But there are several potential reasons for the lack of effect, the
researchers say, and they think more study is needed and clearly
worth doing.
Almost a quarter of preschool-age children in the United States are
overweight or obese, yet few obesity-prevention programs for this
age group have been tested, Dr. Julie Lumeng of the Center for Human
Growth and Development at University of Michigan in Ann Arbor and
colleagues write in the journal Pediatrics.
They tested two interventions, alone and in combination, embedding
the experiment within the federally-funded Head Start program for
low-income children. During each of four academic years, classrooms
were randomly allocated to one of three groups: Head Start alone
(HS), Head Start plus the Preschool Obesity Prevention Series (HS+POPS),
or Head Start plus POPS and the Incredible Years Series (HS+POPS+IYS).
POPS provides obesity prevention messages to preschoolers and their
parents while IYS emphasizes positive behavioral management
techniques and self-regulation.
Altogether the study involved 697 children around 4 years old, about
half of them white, 30 percent black and 12 percent Hispanic. Some
16 percent to 17 percent of kids in the intervention groups were
obese at the start while about 12 percent in the Head Start alone
group were obese.
According to the researchers, HS+POPS+IYS improved the kids'
teacher-reported self-regulation compared with HS+POPS and HS alone.

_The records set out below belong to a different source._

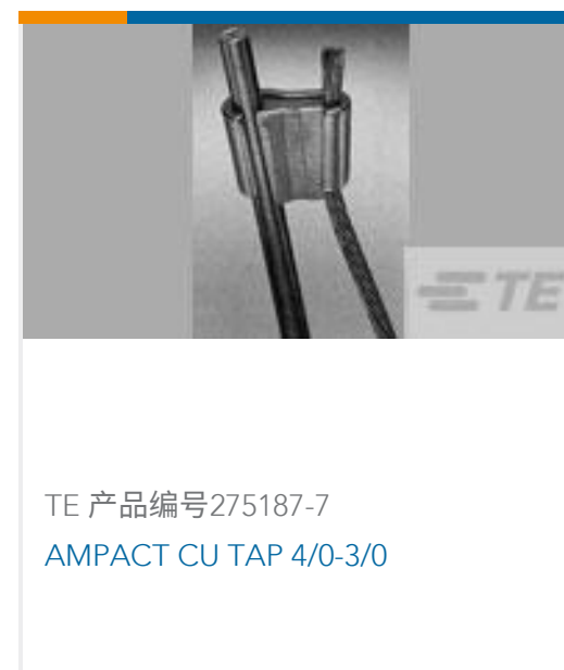
TE 产品编号275187-7 AMPACT CU TAP 4/0-3/0
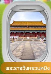
พระราชวังหยวนหมิง
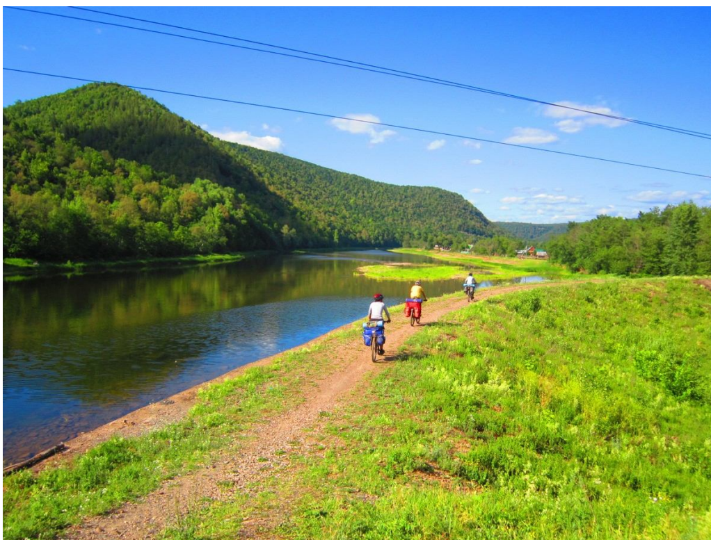
Катим вдоль Инзера и железной дороги за Азово

Далее переправились по железнодорожному мосту через Инзер и покатали вдоль железной дороги по грунтовке.
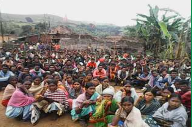
1. కూంబింగ్ లు ఆపేయాలంటూ కుంతిర్ పాడూర్ క్యాంపు పోలీసులను నీలబిస్తున్న ప్రజలు 2. నూతన క్యాంపుకు వ్యతిరేకంగా ఒంతలగూడలో ప్రజాసభ
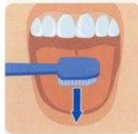
6. Чистка языка
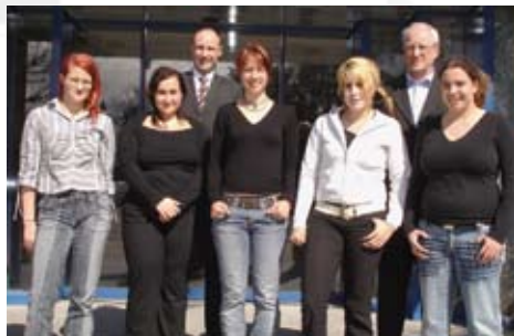
Unentbehrliche Organisationstalente im Hintergrund: Unsere Administration

But the programs failed to have significant effects on the
prevalence of obesity, which was about 14 percent in both the
HS+POPS+IYS and HS+POPS groups after the interventions. Obesity
prevalence rose to about 13 percent among kids in the HS alone
group.
The interventions also had no effect on other outcomes aside from
sugar-sweetened beverage intake.
Lumeng told Reuters Health she really thought the intervention would
be helpful. "Unfortunately, it was not.”
The study team writes that the intervention might not have been
intense or long enough, or the assessment might not been long enough
to reveal any effects on weight.
“It may be that the effects of promoting self-regulation to prevent
obesity do not emerge until children are older,” Lumeng said by
email. “For example, it may be that self-regulation of emotion and
behavior may not impact food intake until children start to
consciously attend more to their dietary intake, perhaps at ages 9
to 10 years or even a little older. When children are in the
preschool age range, most of their food choices and dietary intake
may still be primarily governed by parents and other adults,” she
said.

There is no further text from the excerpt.